→ EXERCISE OBJECTIVE: Below are records with pictures. Reproduce exactly the lines from the line with "With supercap, battery-free" to the line with "Выполняйте особые задания", inclusive, and leave each picture out.

┌─ RECORDS PROVIDED

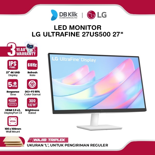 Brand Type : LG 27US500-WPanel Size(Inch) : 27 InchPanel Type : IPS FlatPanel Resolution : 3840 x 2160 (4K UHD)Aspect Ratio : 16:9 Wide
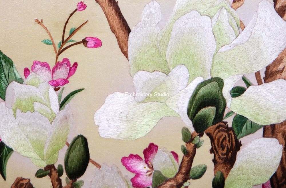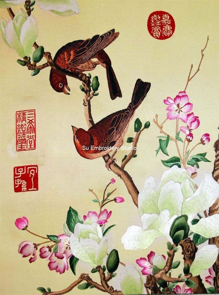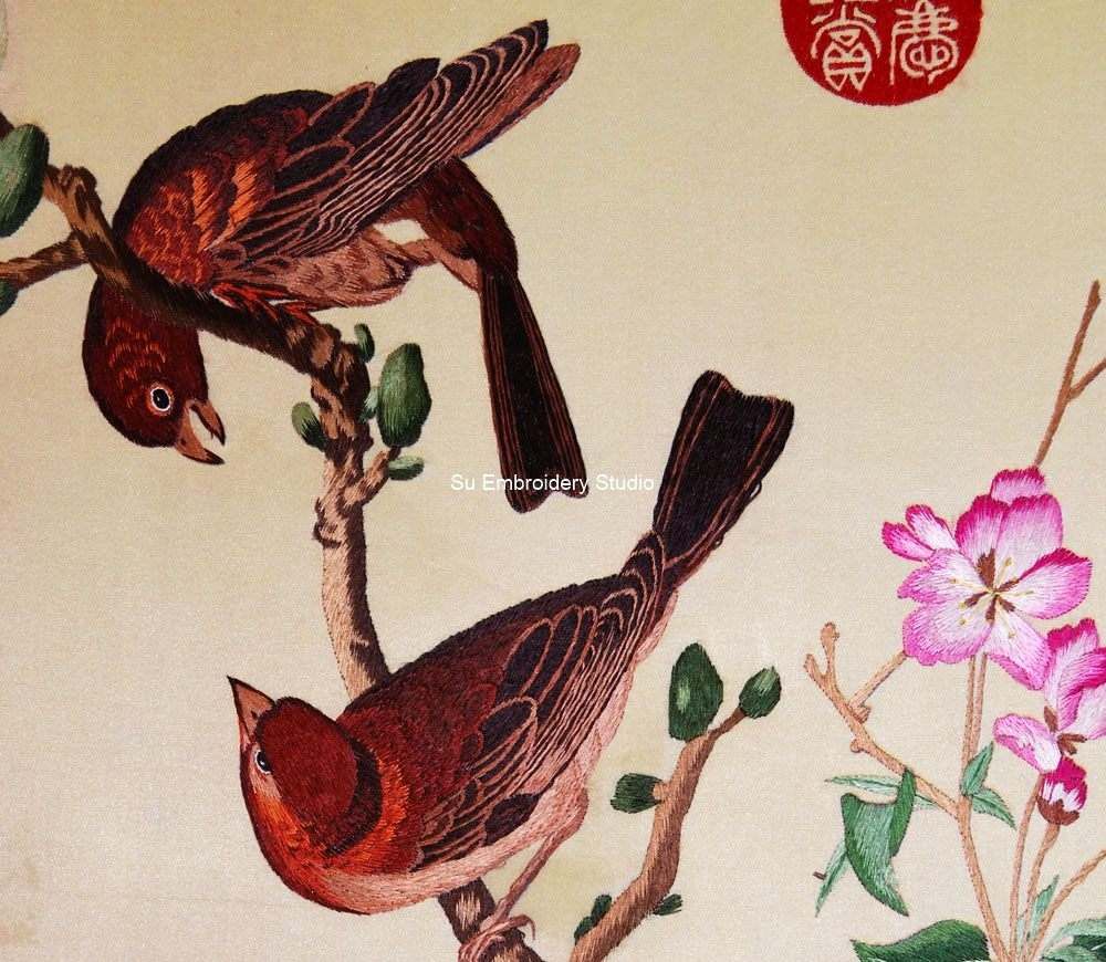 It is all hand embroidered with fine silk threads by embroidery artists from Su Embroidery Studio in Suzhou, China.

└─
┌─ RECORDS PROVIDED

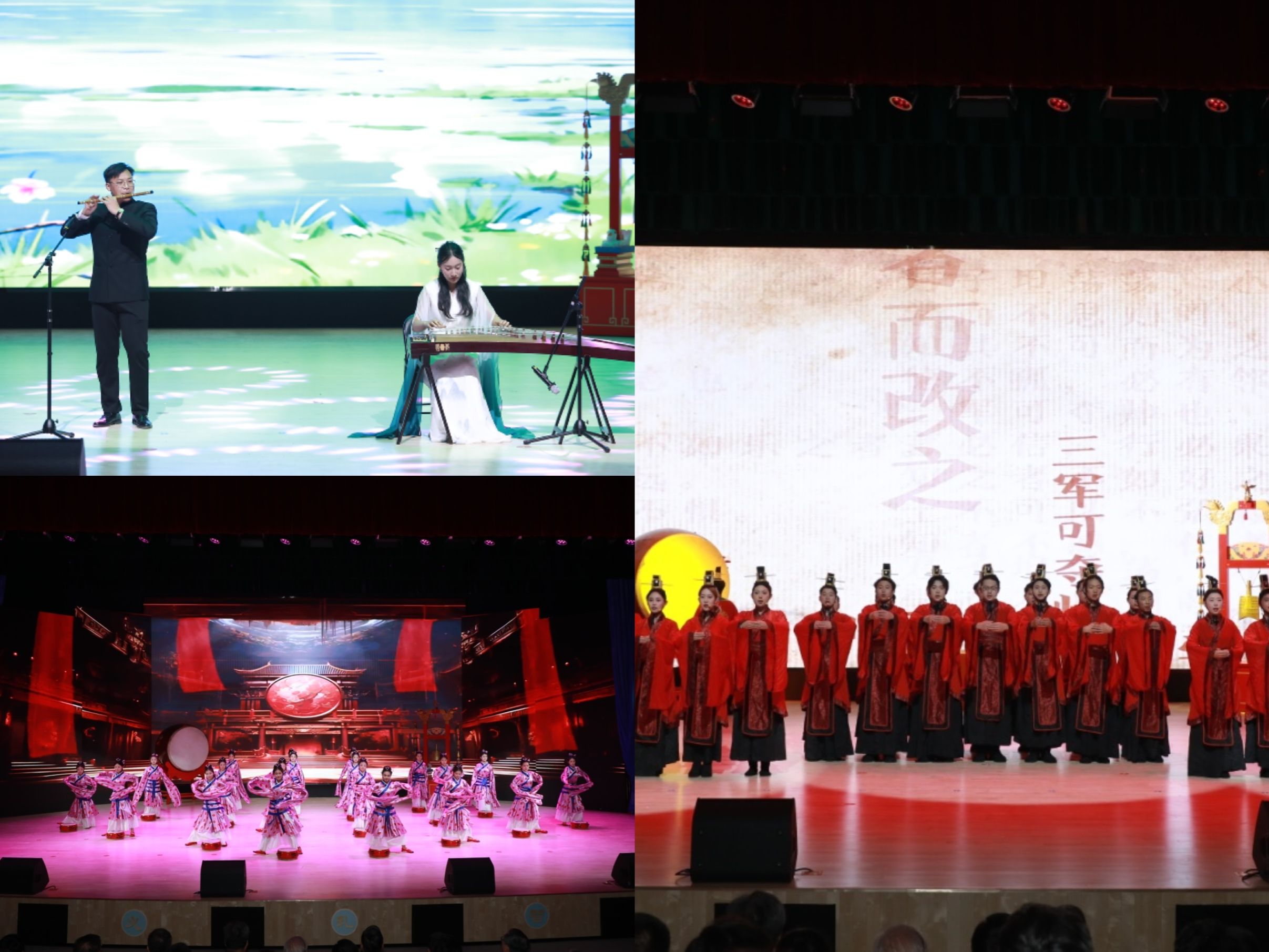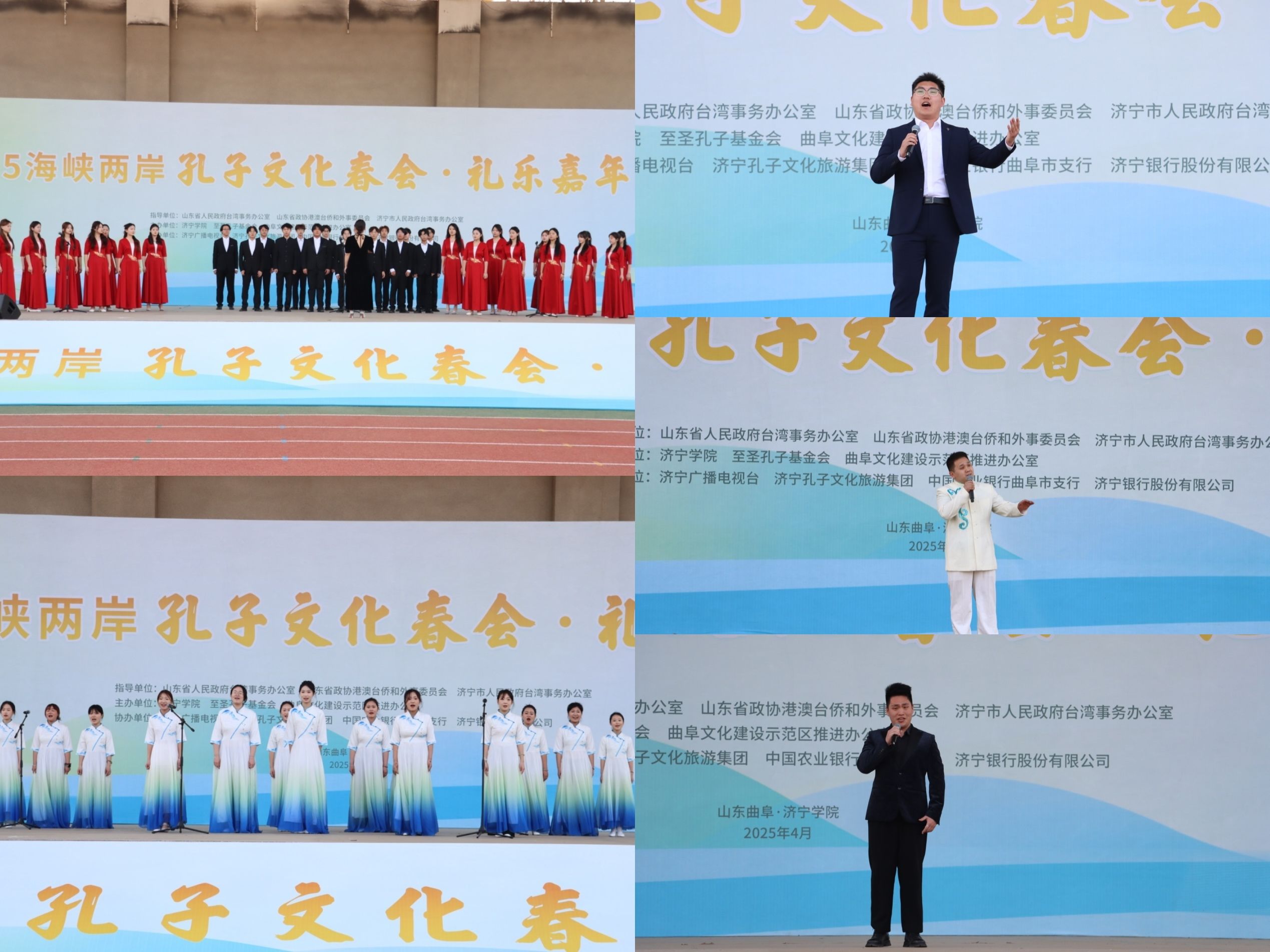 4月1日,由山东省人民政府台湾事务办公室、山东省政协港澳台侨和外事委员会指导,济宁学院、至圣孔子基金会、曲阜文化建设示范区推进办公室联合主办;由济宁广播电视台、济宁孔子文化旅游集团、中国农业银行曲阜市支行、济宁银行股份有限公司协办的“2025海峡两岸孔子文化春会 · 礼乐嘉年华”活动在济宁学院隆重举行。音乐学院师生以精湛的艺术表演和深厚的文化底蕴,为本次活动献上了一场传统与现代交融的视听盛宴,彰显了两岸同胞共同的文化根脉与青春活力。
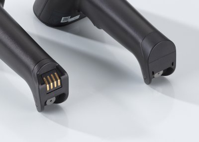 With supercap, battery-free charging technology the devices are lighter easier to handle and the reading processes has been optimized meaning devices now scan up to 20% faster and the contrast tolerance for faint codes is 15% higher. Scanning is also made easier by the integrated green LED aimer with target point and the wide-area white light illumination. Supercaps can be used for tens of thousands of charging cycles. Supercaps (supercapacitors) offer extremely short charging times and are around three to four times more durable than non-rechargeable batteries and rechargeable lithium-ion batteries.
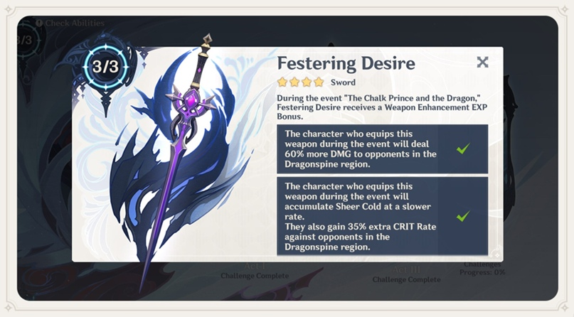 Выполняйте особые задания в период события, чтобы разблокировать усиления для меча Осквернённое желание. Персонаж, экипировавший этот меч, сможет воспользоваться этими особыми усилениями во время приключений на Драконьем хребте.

└─

→ FINISHED TASK:
 With supercap, battery-free charging technology the devices are lighter easier to handle and the reading processes has been optimized meaning devices now scan up to 20% faster and the contrast tolerance for faint codes is 15% higher. Scanning is also made easier by the integrated green LED aimer with target point and the wide-area white light illumination. Supercaps can be used for tens of thousands of charging cycles. Supercaps (supercapacitors) offer extremely short charging times and are around three to four times more durable than non-rechargeable batteries and rechargeable lithium-ion batteries.
 Выполняйте особые задания в период события, чтобы разблокировать усиления для меча Осквернённое желание. Персонаж, экипировавший этот меч, сможет воспользоваться этими особыми усилениями во время приключений на Драконьем хребте.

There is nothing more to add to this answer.